Envoy 连接关闭后的竞态条件#

由于下面使用到了 socket 一些比较底层和冷门的知识点。如 close socket 的一些临界状态和异常逻辑。如果不太了解，建议先阅读我写的：

《Mark’s DevOps 雜碎》中《Socket Close/Shutdown 的临界状态与异常逻辑》一文。

Envoy 与 Downstream/Upstream 连接状态不同步#

以下大部分情况，算是个发生可能性低的 race condition。但，在大流量下，再少的可能性也是有遇到的时候。Design For Failure 是程序员的天职。

Downstream 向 Envoy 关闭中的连接发送请求#

Github Issue: 502 on our ALB when traffic rate drops#13388 Fundamentally, the problem is that ALB is reusing connections that Envoy is closing. This is an inherent(固有) race condition with HTTP/1.1. You need to configure the ALB max connection / idle timeout to be < any envoy timeout.

To have no race conditions, the ALB needs to support max_connection_duration and have that be less than Envoy’s max connection duration. There is no way to fix this with Envoy.

本质上是：

Envoy 调用 close(fd) 关闭了 socket。同时关闭了 fd。
- 如果 close(fd) 时：
  - kernel 的 socket recv buffer 有数据未加载到 user-space ，那么 kernel 会发送 RST 给 downstream。原因是这数据是已经 TCP ACK 过的，而应用却丢弃了。
  - 否则，kernel 发送 FIN 给 downstream.
- 由于关闭了 fd，这注定了如果 kernel 还在这个 TCP 连接上收到 TCP 数据包，就会丢弃且以 RST 回应。
Envoy 发出了 FIN
Envoy socket kernel 状态更新为 FIN_WAIT_1 或 FIN_WAIT_2。

对于 Downstream 端，有两种可能：

Downstream 所在 kernel 中的 socket 状态已经被 Envoy 发过来的 FIN 更新为 CLOSE_WAIT 状态，但 Downstream 程序(user-space)中未更新（即未感知到 CLOSE_WAIT 状态）。
Downstream 所在 kernel 因网络延迟等问题，还未收到 FIN。

所以 Downstream 程序 re-use 了这个 socket ，并发送 HTTP Request(假设拆分为多个 IP 包) 。结果都是在某个 IP 包到达 Envoy kernel 时，Envoy kernel 返回了 RST。于是 Downstream kernel 在收到 RST 后，也关闭了socket。所以从某个 socket write 开始均会失败。失败说明是类似 Upstream connection reset. 这里需要注意的是， socket write() 是个异步的过程，不会等待对端的 ACK 就返回了。

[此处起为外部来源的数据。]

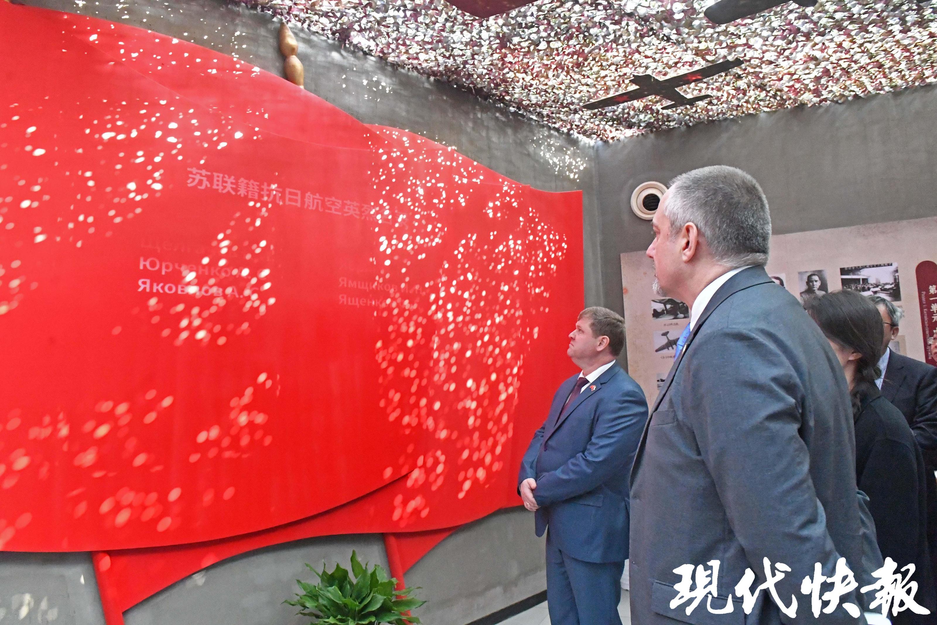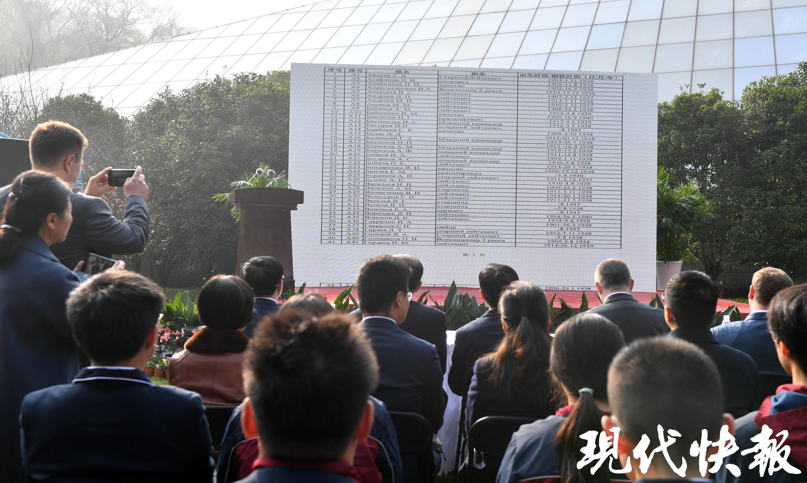 投影滚动播放在中国人民抗日战争期间牺牲的236位苏联籍抗日航空英烈名录

一种可能是，某个 write() 时发现失败。这更多是 http keepalive 的 http client library 的行为。或者是 HTTP Body 远远大于 socket sent buffer 时，分多 IP 包的行为。
一种可能是，直到 close() 时，要等待 ACK 了，才发现失败。这更多是非 http keepalive 的 http client library 的行为。或者是 http keepalive 的 http client library 的最后一个请求时的行为。

从 HTTP 层面来看，有两种场景可能出现这个问题：

服务端过早关闭连接(Server Prematurely/Early Closes Connection)。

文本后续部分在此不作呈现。